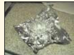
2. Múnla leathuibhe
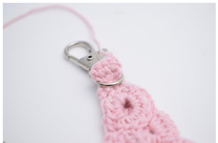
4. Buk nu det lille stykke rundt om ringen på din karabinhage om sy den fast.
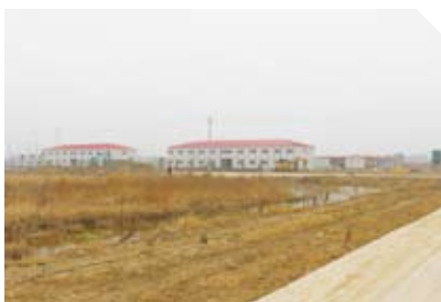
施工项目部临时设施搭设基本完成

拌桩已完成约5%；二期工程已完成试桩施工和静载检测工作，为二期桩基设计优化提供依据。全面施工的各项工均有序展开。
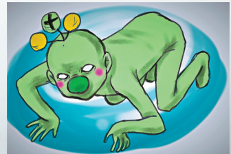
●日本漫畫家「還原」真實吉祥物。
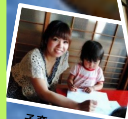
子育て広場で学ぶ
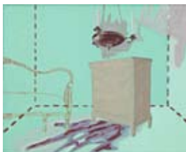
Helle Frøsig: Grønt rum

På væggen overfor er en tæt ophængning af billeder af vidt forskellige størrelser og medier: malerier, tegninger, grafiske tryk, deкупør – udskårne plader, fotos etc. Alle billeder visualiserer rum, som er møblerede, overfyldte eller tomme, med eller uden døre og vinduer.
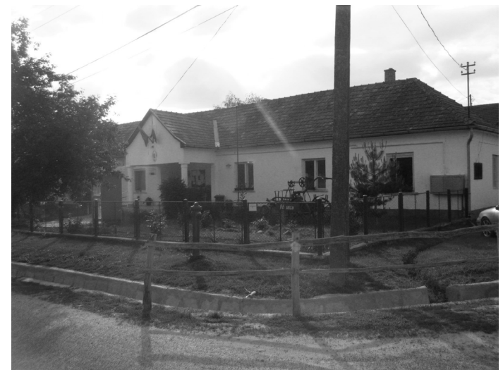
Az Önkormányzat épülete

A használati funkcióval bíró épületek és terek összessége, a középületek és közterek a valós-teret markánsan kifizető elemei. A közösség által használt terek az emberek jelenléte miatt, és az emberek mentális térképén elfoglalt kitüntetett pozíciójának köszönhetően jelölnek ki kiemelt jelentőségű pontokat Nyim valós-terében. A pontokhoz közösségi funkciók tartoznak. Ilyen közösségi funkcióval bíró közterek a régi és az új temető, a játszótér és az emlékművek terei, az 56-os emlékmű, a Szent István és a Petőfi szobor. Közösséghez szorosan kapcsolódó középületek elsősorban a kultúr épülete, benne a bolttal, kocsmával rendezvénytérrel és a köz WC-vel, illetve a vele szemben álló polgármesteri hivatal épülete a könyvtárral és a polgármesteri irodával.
-------------------------
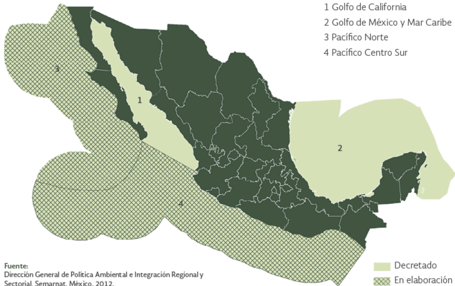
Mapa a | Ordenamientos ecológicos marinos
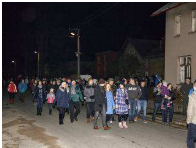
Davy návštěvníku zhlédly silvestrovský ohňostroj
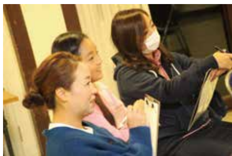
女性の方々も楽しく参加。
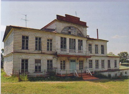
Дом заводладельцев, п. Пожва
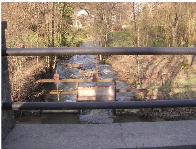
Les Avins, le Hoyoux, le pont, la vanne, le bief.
-------------------------
Work task: Only the lines with the string "épülete" are wanted; pick them out of the records above and copy them.

Response box:
Az Önkormányzat épülete
A használati funkcióval bíró épületek és terek összessége, a középületek és közterek a valós-teret markánsan kifizető elemei. A közösség által használt terek az emberek jelenléte miatt, és az emberek mentális térképén elfoglalt kitüntetett pozíciójának köszönhetően jelölnek ki kiemelt jelentőségű pontokat Nyim valós-terében. A pontokhoz közösségi funkciók tartoznak. Ilyen közösségi funkcióval bíró közterek a régi és az új temető, a játszótér és az emlékművek terei, az 56-os emlékmű, a Szent István és a Petőfi szobor. Közösséghez szorosan kapcsolódó középületek elsősorban a kultúr épülete, benne a bolttal, kocsmával rendezvénytérrel és a köz WC-vel, illetve a vele szemben álló polgármesteri hivatal épülete a könyvtárral és a polgármesteri irodával.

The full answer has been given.